Во второй половине 1930-х парижские рыночные торговцы хорошо знали эту кроткую женщину, одетую во всё чёрное. Рано утром она всегда появлялась на рынке со своей тележкой. Торговцы радостно приветствовали её и отдавали даром овощи не очень приглядного вида. И она спешила к себе, на улицу Лурмель, где её очень ждали… 30, 40, а в иные дни и 50 человек — голодных, нищих, одиноких, больных…
Среди её гостей была и маленькая Маша Ельчанинова, дочь православного священника, которую мать Мария иногда подкармливала, зная, что родителям девочки весьма непросто сводить концы с концами, как и многим русским изгнанникам в Париже… «Помню, как она доставала огромную кастрюлю и варила суп, которого хватало на несколько десятков человек, - вспоминала Ельчанинова. - А после обеда мать Мария читала стихи. Тех, кому негде было переночевать, она оставляла у себя и даже готова была уступить свою постель — сама же ложилась на полу, под лестницей». Дверь в её квартиру всегда оставалась открытой, и поток людей иной раз казался бесконечным…
Глядя на эту мужественную, смиренную подвижницу, трудно было поверить, что 30 лет назад мать Мария была бунтаркой и, как сказали бы сейчас, светской львицей. Дочь известного юриста, выпускница историко-филологического факультета Бестужевских курсов, Лиза Пиленко была влюблена в Александра Блока!
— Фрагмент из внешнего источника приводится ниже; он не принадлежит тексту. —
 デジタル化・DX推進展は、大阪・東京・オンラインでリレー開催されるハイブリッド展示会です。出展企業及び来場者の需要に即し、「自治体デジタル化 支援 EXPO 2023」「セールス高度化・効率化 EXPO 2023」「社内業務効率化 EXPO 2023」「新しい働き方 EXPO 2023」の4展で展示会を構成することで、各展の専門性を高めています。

И так долго хотела увидеть его, что несколько дней подряд поджидала его у подъезда дома, пока он наконец не появился...
До часу ночи они проговорили о его стихах, бессмысленности жизни и тайнах бытия. Потом Лиза вспоминала: «Он внимателен, почтителен и серьёзен, он всё понимает, совсем не поучает и, кажется, не замечает, что я не взрослая… Я чувствую, что около меня большой человек, что он мучается больше, чем я, что ему ещё тоскливее... Мне большого человека ужасно жаль…». А через несколько дней получила от Блока письмо и стихотворение, написанное о той встрече. Неожиданные для влюблённой девушки советы влюбиться в другого так оскорбили Лизу, что она поклялась себе никогда больше не встречаться с Блоком. И менее, чем через год после этого Елизавета начала встречаться с... Николаем Гумилёвым: он, «повеса из повес», не смог пройти мимо хорошенькой гимназистки с горящими глазами, восторженно внимающей его стихам, однако сама Лиза признавалась, что этим романом – как и другими – она лишь пыталась излечиться от любви к Блоку.
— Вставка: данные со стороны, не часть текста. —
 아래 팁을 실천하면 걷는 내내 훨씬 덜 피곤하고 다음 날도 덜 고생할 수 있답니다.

А вскоре совершенно неожиданно для всех – в том числе и для себя самой – она вышла замуж. Её супругом стал юрист Дмитрий Кузьмин-Караваев, друг и родственник Гумилёва. С мужем её связывал в основном интерес к поэтам и богемному образу жизни: Дмитрий Владимирович без устали водил свою юную супругу по поэтическим вечерам и собраниям. Однако брак этот не задался – Лиза по-тихому оформила развод и сбежала в своё любимое имение в Анапе.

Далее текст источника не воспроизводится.